Yagi Sane, Elnagar Ashraf, Yaghi Esra
Department of Foreign Languages, University of Sharjah, the United Arab Emirates.
Department of Computer Science, University of Sharjah, the United Arab Emirates.
Data Brief. 2024 Feb 1;53:110118. doi: 10.1016/j.dib.2024.110118. eCollection 2024 Apr.
Arabic, unlike many languages, suffers from punctuation inconsistency, posing a significant obstacle for Natural Language Processing (NLP). To address this, we present the Arabic Punctuation Dataset (APD), a large collection of annotated Modern Standard Arabic texts designed to train machine learning models in sentence boundary identification and punctuation prediction. APD leverages the "theme-rheme completion" principle, a grammatical feature closely linked to consistent punctuation placement. It consists of an annotated collection of Modern Standard Arabic (MSA) texts that encompass 312 million words in approximately 12 million sentences. It comprises three diverse components: Arabic Book Chapters (ABC): Manually annotated, non-fiction, book excerpts, constituting a gold-standard reference. Complete Book Translations (CBT): Parallel English-Arabic book translations with aligned sentence endings, ideal for machine translation training. Scrambled Sentences from the Arabic Component of the United Nations Parallel Corpus (SSAC-UNPC): Jumbled sentences for model training in automatic punctuation restoration. Beyond NLP, APD serves as a valuable resource for linguistics research, language learning, and real-time subtitling. Its authentic, grammar-based approach can enhance the readability and clarity of machine-generated text, opening doors for various applications such as automatic speech recognition, text summarization, and machine translation.
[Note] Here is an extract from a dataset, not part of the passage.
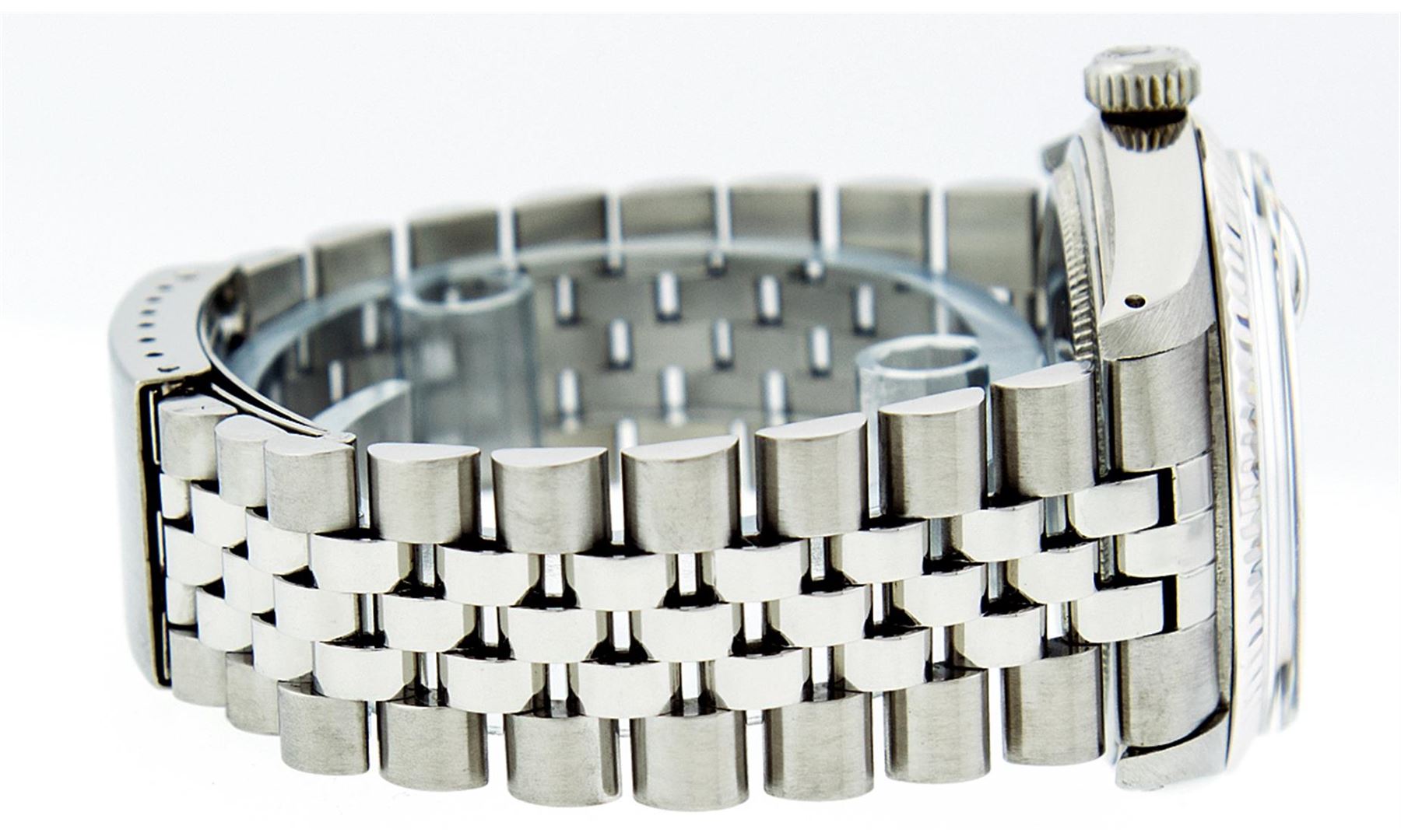 One Mens Rolex Datejust Polished, Serviced & Electronically Tested, Stainless Steel Case:36mm, Stainless Steel Crown, Original Bezel: 18K White Gold Fluted Bezel. Custom Crystal: Sapphire Cyclops Lens. Movement: Automatic Winding Movement Caliber 3135. Custom Dial: Black Diamond Dial With Track, Diamond Count: 10 Diamonds, Clarity: SI-VS, Color: G to H. Date Window: 3 O'Clock Position Date Display, Quickset, Model: 16234 Sapphire Datejust. Condition: G-6 Extra Fine. Bracelet: Stainless Steel Rolex Jubilee Band. Bright Polish & Satin Finish. 7.0 Inch Length, Adjustable. Standard Clasp, With Rolex Logo.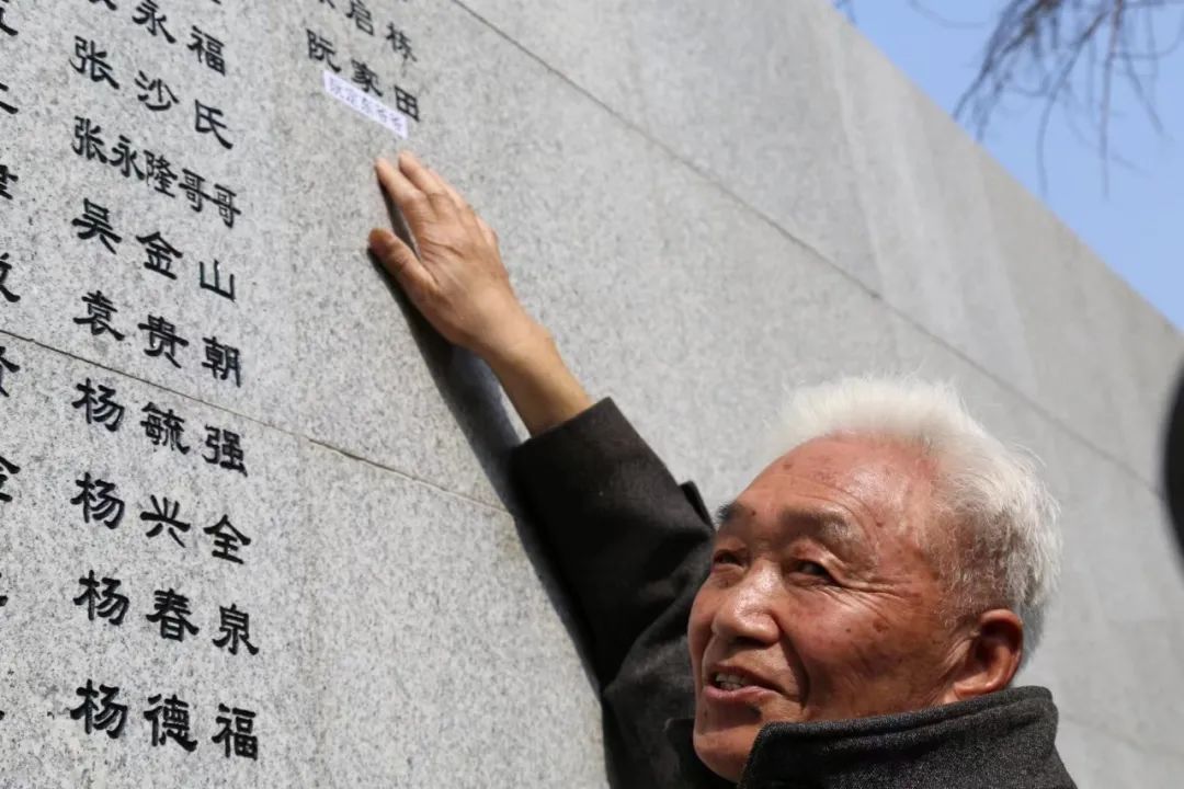 阮定东在纪念馆“哭墙”前手指爷爷阮家田的名字

与许多语言不同,阿拉伯语存在标点符号不一致的问题,这给自然语言处理(NLP)带来了重大障碍。为了解决这个问题,我们推出了阿拉伯语标点数据集(APD),这是一个大量注释的现代标准阿拉伯语文本集合,旨在训练机器学习模型进行句子边界识别和标点预测。APD利用了“主题-述题完成”原则,这是一种与一致的标点放置紧密相关的语法特征。它由一个注释的现代标准阿拉伯语(MSA)文本集合组成,包含约1200万个句子中的3.12亿个单词。它包括三个不同的部分:阿拉伯语书籍章节(ABC):人工注释的非虚构书籍摘录,构成黄金标准参考。完整书籍翻译(CBT):具有对齐句子结尾的平行英语-阿拉伯语书籍翻译,非常适合机器翻译训练。联合国平行语料库阿拉伯语部分的打乱句子(SSAC-UNPC):用于自动标点恢复模型训练的打乱句子。除了NLP,APD还是语言学研究、语言学习和实时字幕的宝贵资源。其基于语法的真实方法可以提高机器生成文本的可读性和清晰度,为自动语音识别、文本摘要和机器翻译等各种应用打开大门。